Love in the Age of YouPorn




Web-browsers, social media, cloud computing and the internet of things have made sectors like communications and transports the big winners in the digital revolution. Individuals, businesses, entire countries have solved small and bigger problems while constantly optimizing the use of the available resources. The term revolution has been linked to Google, Facebook, and Amazon. It really depends on whom you ask. This nearly unlimited access to information is not without drawbacks, especially for domains which would need restrictions. Porn is one of those. Today, dirty magazines are a relic replaced by online video aggregates like XVideos, Xhamster, and Xnxx, with “authorial” porn surviving through the original productions of Brazzers. The 20 to 30 pages of a racy booklet you would buy for a couple of dollars became 4400 petabytes – and this is just Pornhub – freely available 24/7. Adult movie theaters, in the same fashion, are pretty much extinct. All the while, our porn-consumers are younger and younger, with a staggering 98% rate of exposure before the age of 18. Might it be the absence of morally uptight cashiers, or our use of better techniques to scoop data?

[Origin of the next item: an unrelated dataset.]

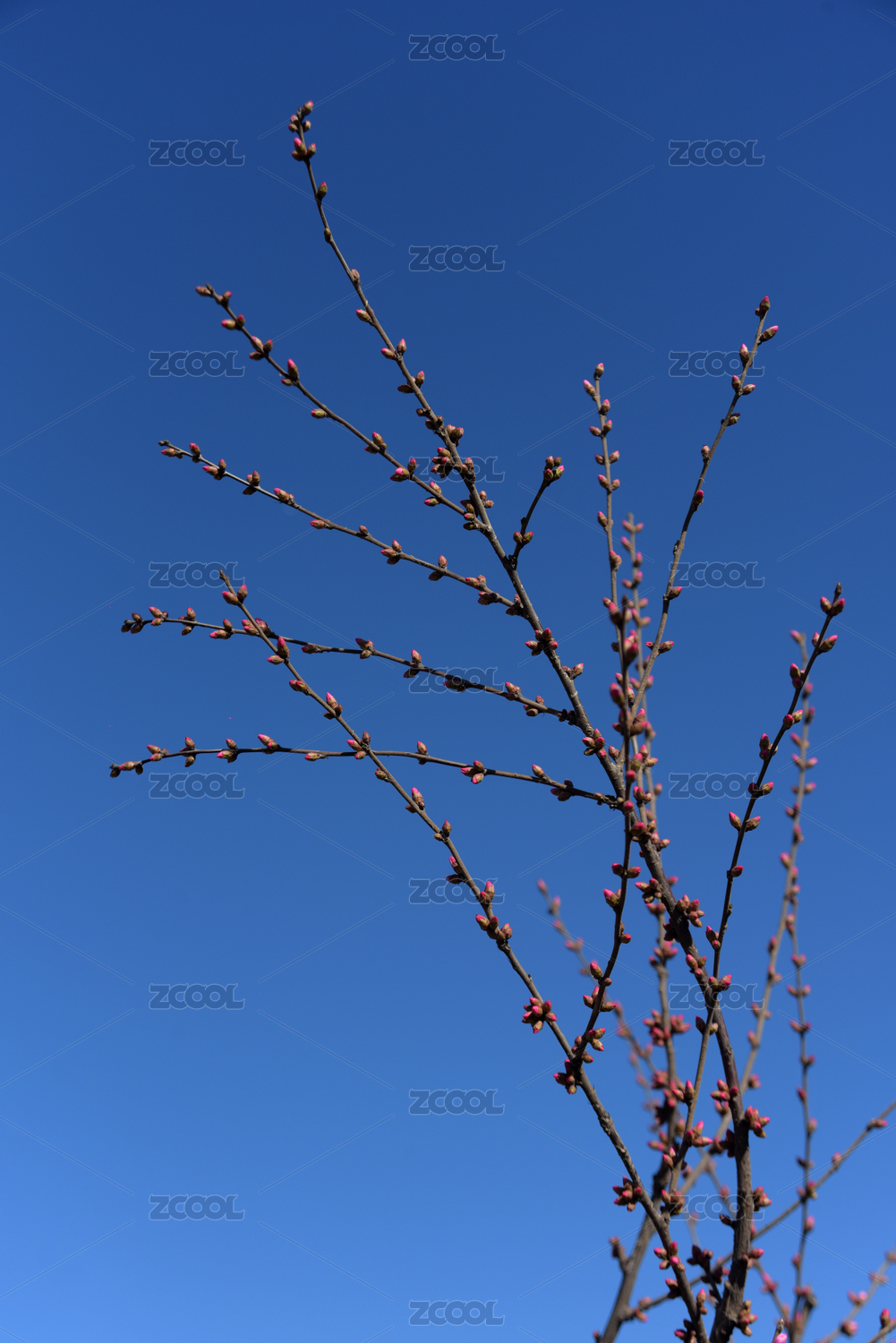 春天公園里含苞待放的榆葉梅花枝枝條豎構(gòu)圖

Most barriers today are overcome by inputting fake info (like a bogus birth date), or at worst through an ad-hoc Gmail/Hotmail account. Children might really be the silent victims of the digitization of the adult industry and its lack of controls. The virtual environment in which sexual experimentation takes place extends to apps allowing and it presents the same identification problems. Teenagers in the 12-17 bracket might be too young for Tinder but can connect on Yellow, make friends or even date people. However, who’s to say you are chatting with another kid in the first place? Same problem for an app like Kik, enough to warrant the attention of the FBI due to its abuse by sexual predators. Teenagers might not realize the legal, psychological and emotional consequences of consuming pornography, sexting, or the risk of pedophiles lurking in the shadows. But creating non-intimate relationships can indeed fulfills Maslow’s hierarchy of needs (for example being in a position to be accepted by the opposite sex). This can not only prepare the teenager for a healthy sexual life, but also inform the individuals on the need to protect intimate relationships from prey-predator problems.